A: This question is not so easy. Bauhaus design and American modern tradition were the prewar and postwar ideas of living and working in modern environments; this is true for work in architecture, interiors, furniture and objects. The modern idea asked architecture to create and divide space. It was important to set the stage for the figure that is the occupant of the space. This modern concept in interiors was pioneered by Florence Knoll with the establishment of the planning unit in the late 1940s. For example, these ideas are used by David Adjaye in a space featuring a Saarinen table and his Skeleton chairs from the Washington Collection. Adjaye used Mies’s cantilever form in his chair to make a classic in the making. Using this chair as an example again, think of the novel use of materials in modern design.

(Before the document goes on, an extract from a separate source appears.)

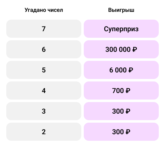 Пришло время выигрывать по-крупному в «Спортлото «7 из 49»! До 29 сентября минимальные выигрыши х3 — от 300 рублей. Цена билета ― от 100 рублей. Участвуйте в особых тиражах, вы можете выиграть больше, чем обычно!

The use of copper reflecting light in his chair can make the chair invisible at certain times of day or give it a “friend” with a shadow, similar to Harry Bertoia’s classic seating form.

Q: What are your favorite books that relate to the philosophy of design?

A: “Harold and the Purple Crayon” by Crockett Johnson. Don’t laugh at me. Read it and imagine.

Q: What tips do you have for building career longevity and endurance in creative fields?

A: It all comes down to hard work. Stay current both at work and in your specific field of design. At Knoll, I am always looking at how trends will inform the future and how they will affect the way we live and work. Seek out everything: events at local museums, online design, etc. Read and reference images as often as possible. Look for links between 2-D and 3-D design. For me, it’s reading.